Exercise data:
»»
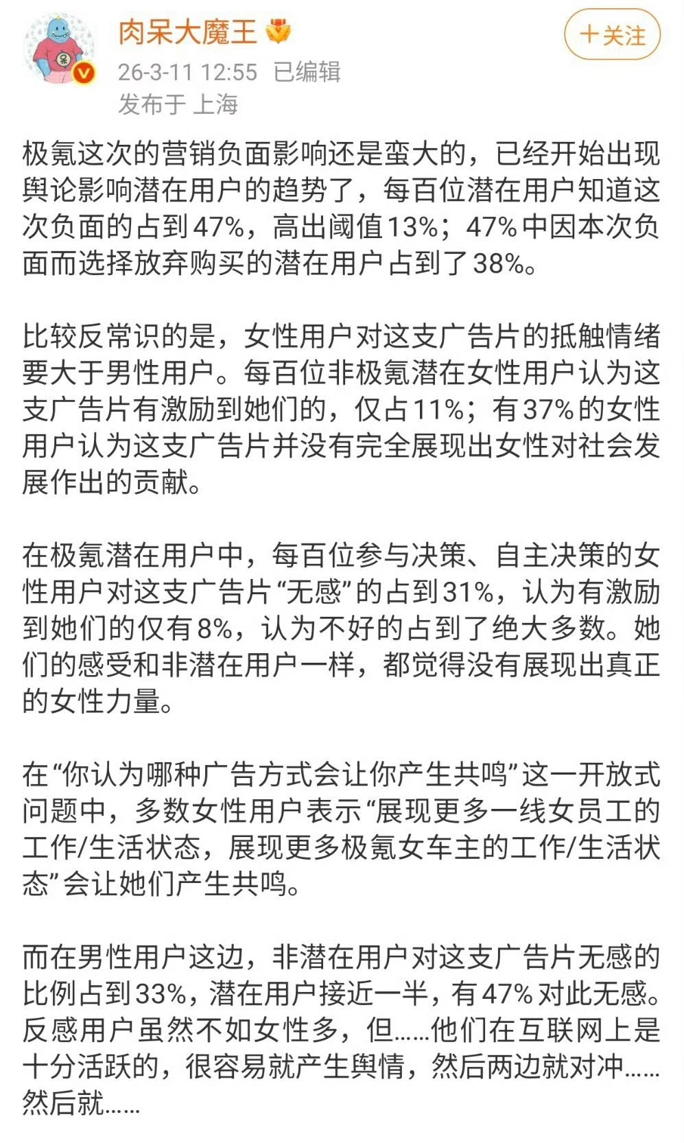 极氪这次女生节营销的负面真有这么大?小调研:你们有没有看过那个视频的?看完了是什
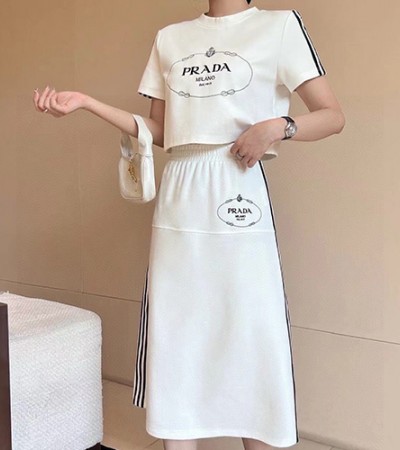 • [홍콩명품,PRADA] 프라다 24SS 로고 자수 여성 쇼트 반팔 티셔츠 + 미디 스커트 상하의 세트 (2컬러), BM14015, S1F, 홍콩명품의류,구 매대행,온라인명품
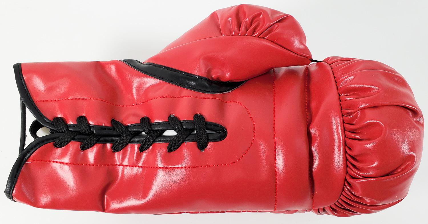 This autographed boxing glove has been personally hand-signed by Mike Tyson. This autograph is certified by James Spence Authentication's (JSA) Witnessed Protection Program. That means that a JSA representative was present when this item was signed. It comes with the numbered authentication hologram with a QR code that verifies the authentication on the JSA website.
««
About this task: The required answer is an exact copy of the lines from the one containing "S1F, 홍콩명품의류,구 매대행,온라인명품" through the last line of the material, with the pictures removed.

Response to this exercise:
 • [홍콩명품,PRADA] 프라다 24SS 로고 자수 여성 쇼트 반팔 티셔츠 + 미디 스커트 상하의 세트 (2컬러), BM14015, S1F, 홍콩명품의류,구 매대행,온라인명품
 This autographed boxing glove has been personally hand-signed by Mike Tyson. This autograph is certified by James Spence Authentication's (JSA) Witnessed Protection Program. That means that a JSA representative was present when this item was signed. It comes with the numbered authentication hologram with a QR code that verifies the authentication on the JSA website.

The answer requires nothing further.